Rust doesn't magically remove the problem. What it does do is give you unusually strong leverage: safe code is designed to avoid data races (which Rust treats as Undefined Behavior), and when you need atomics, Rust exposes the same fundamental ordering toolbox used by other systems languages.

three contracts:

  1. Hardware contract: what CPUs may do.
  2. Language contract: what the compiler may assume and reorder.
  3. Type contract: what Rust will (and won't) let you express safely.

Contract 1: Hardware does not promise as-written execution

Russ Cox opens his hardware memory model series with the key punchline: optimizations that were invisible in single-threaded programs become visible with threads, and it depends becomes the default unless you have a contract.

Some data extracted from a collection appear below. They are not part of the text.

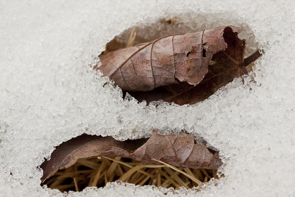 I really like this one of leaves surfacing – beautiful! I have a stack of ice photos left too – I’m not sure whether to post one, or save it for another time. The birds sang this morning but now it is snowing again!
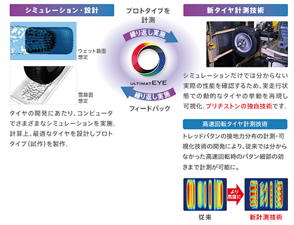 ULTIMAT EYE™は、タイヤの接地面挙動を計測・予測・可視化するブリヂストン独自のタイヤ開発技術です。従来のタイヤ開発は、シミュレーションを行い、試作品を作り、室内計測と実車テストを通じて性能確認を行うという流れで行われてきました。ULTIMAT EYETMは、実車と同等の高速走行状態を室内で再現し、タイヤ接地面における挙動を可視化することができます。これによって、従来の実車テストに加えて、科学的な根拠に基づく精度の高い解析や性能確認を行うことができ、タイヤの更なる性能の向上を図ることができます。なお、この計測・解析を行う試験機は、時速400km、バンク角60度まで対応可能です。
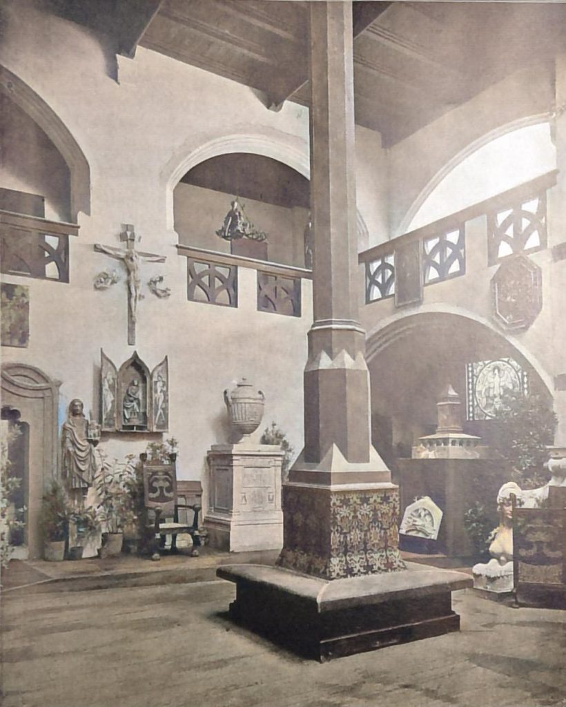 Sind die beiden hier genannten Räume Ausstellungsstücke an und für sich, gleichsam naturgrosse Modelle, so ist der mittelalterliche Raum, welcher neben dem römischen auf unserer Beilage dargestellt und von Hrn. Prof. Karl Hocheder entworfen wurde, sowohl naturgrosses Modell wie Ausstellungsraum. Ausserordentlich schlicht ist seine aus Wandflächen, Oeffnungen und dem Holzdeckenabschluss gebildete Gestalt. Bewegung kommt in dieselbe lediglich durch die Verschiebungen des unteren und des oberen Grundrisses in der dem Beschauer entgegengesetzten Ecke. Die einheitliche Raumwirkung unterbricht in malerischer Weise die schöne Mittelstütze mit ihrem kralligen Unterzug. Was der Raum in architektonischer Hinsicht sonst bietet und womit er in einen ausgesprochenen Gegensatz zu den übrigen beiden Räumen tritt, das ist seine in jeder Beziehung überraschende Anspruchslosigkeit. Keine Farbe, kein Ornament, kaum ein Profil. Auch wenn man die Einrichtungsgegenstände, welche durch Hocheder , Littmann und Pfann ausgewählt wurden, hinwegdenken würde, würde er kaum an Eindruck verlieren, weil dieser Eindruck in der Hauptsache in einer Gegensatzwirkung beruht, von welcher die zufälligen Ausstellungsstücke unabhängig sind. Diese sind sorgfältig und angemessen gewählt: Altäre (Böhler), Todtenschilde, Teppiche, Gobelins, ein Missale (Attenkofer), Stühle, Glasbilder, Statuen (Radspieler) usw. sind das mannichfaltige Geräth, welches den Raum belebt.
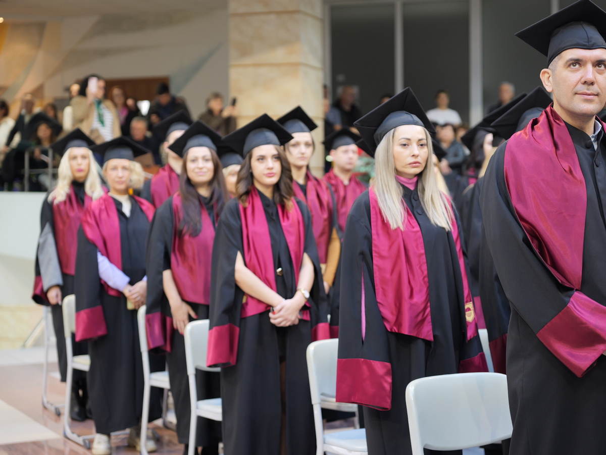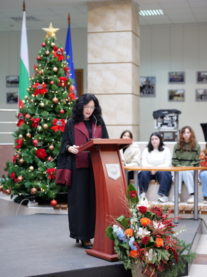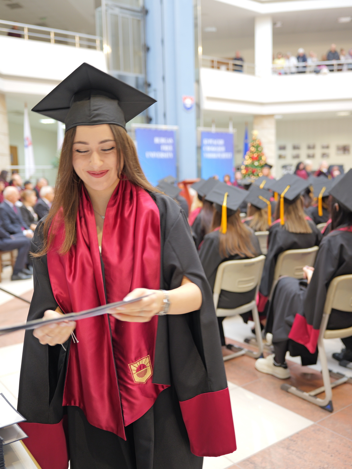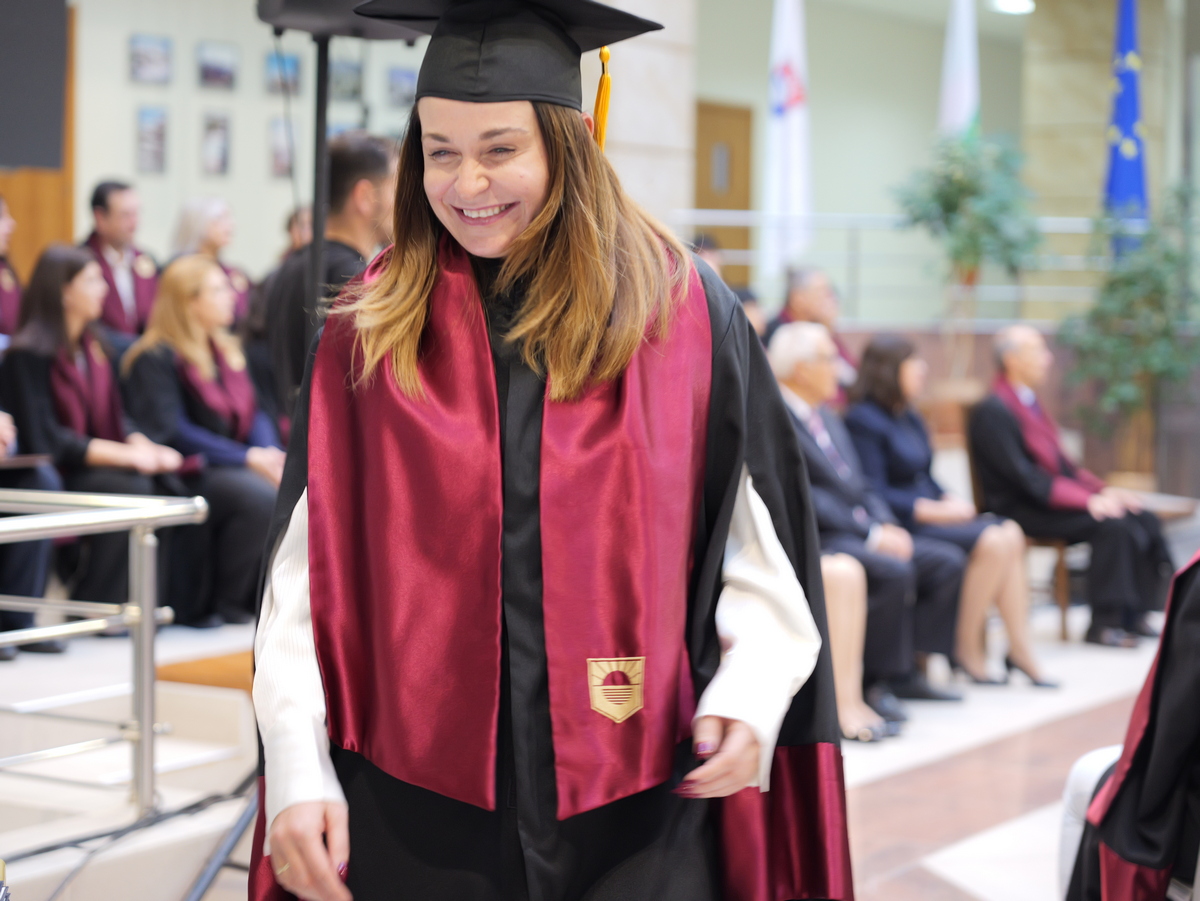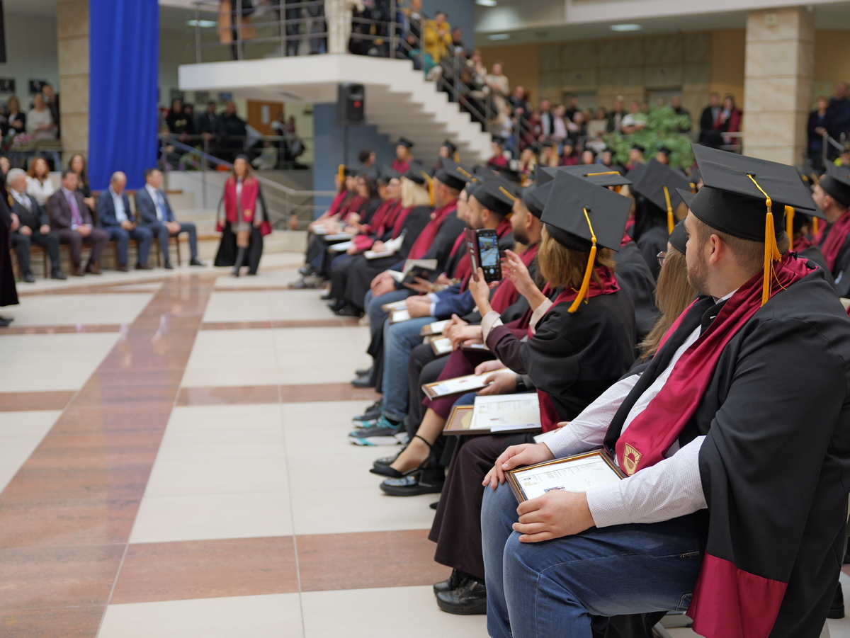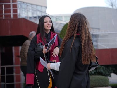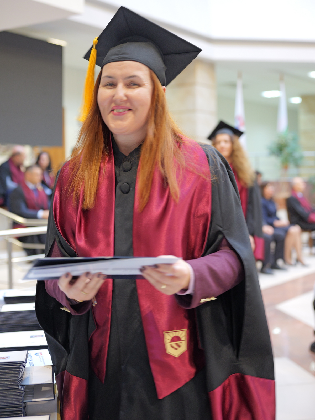 От името на абсолвентите приветствие поднесе Аля Казанджиева, магистър от специалност „Иновации и предприемачество в началното и предучилищното образование“ „Всеки от нас влиза в университета изпълнен с мечти и амбиции. Днес си тръгваме като личности, развили се чрез усилия, дисциплина, вдъхновение и непрекъснато учене. Пътят беше предизвикателен, но именно тези предизвикателства ни изградиха, както и подкрепата, насоките и отдадеността на нашите преподаватели, които стояха до нас през всяка стъпка от този път“ – каза в приветствието си Аля Казанджиева.
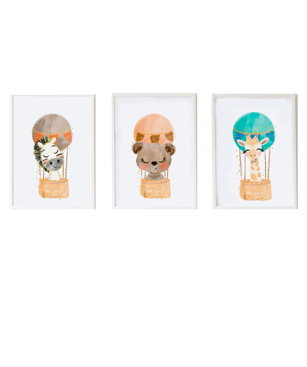 Set 3 Láminas infantiles formado por Lámina cebra en globo: Lámina oso en globo y Lámina jiraba en globo
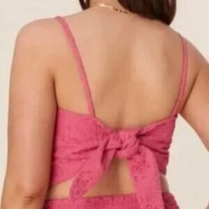NWT $88 ANDIE The Santiago eyelet cropped halter top in rosette pink
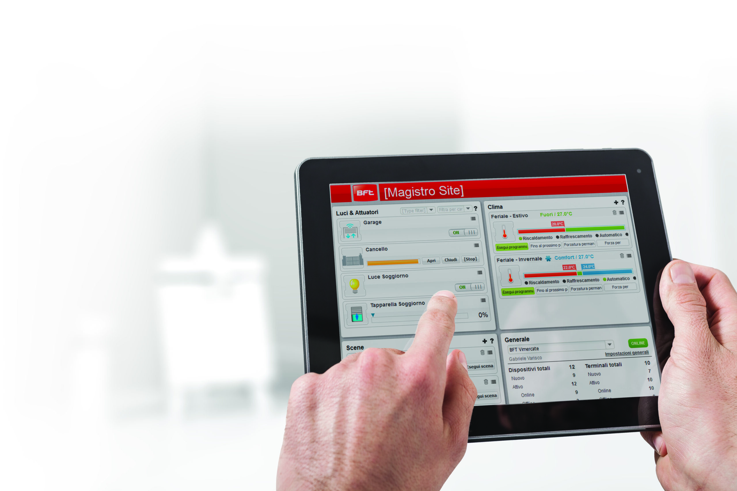 L’App Blue entry consente poi di gestire da remoto automazioni e accessi anche con smartphone. La sfera di controllo accessi basata su tecnologia domotica fa riferimento a Magistro, il sistema wireless di automazione domestica da remoto.
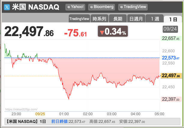 本日の米国ナスダック総合は、前の日から75ドル61セント上がって、22,497ドル86セントになりました。NYダウ下落と同じような事が起きており、特にテクノロジー・グロース株の影響を強く受けた事です。

A classic litmus test is message passing:

Thread 1 # Thread 2

x = 1 r1 = y

y = 1 r2 = x

Can Thread 2 observe r1 = 1 but r2 = 0?

  • On a sequentially consistent machine: no.
  • On x86 TSO: no.
  • On weaker hardware like ARM/POWER: it can be yes without extra barriers/fences.

So even before we talk about compilers, my writes become visible to other cores in program order is not a universal hardware law.

Another famous one is store buffering (a.k.a. store buffer / write queue):

Thread 1 # Thread 2

x = 1 y = 1

r1 = y r2 = x

Can we end with r1 = 0 and r2 = 0?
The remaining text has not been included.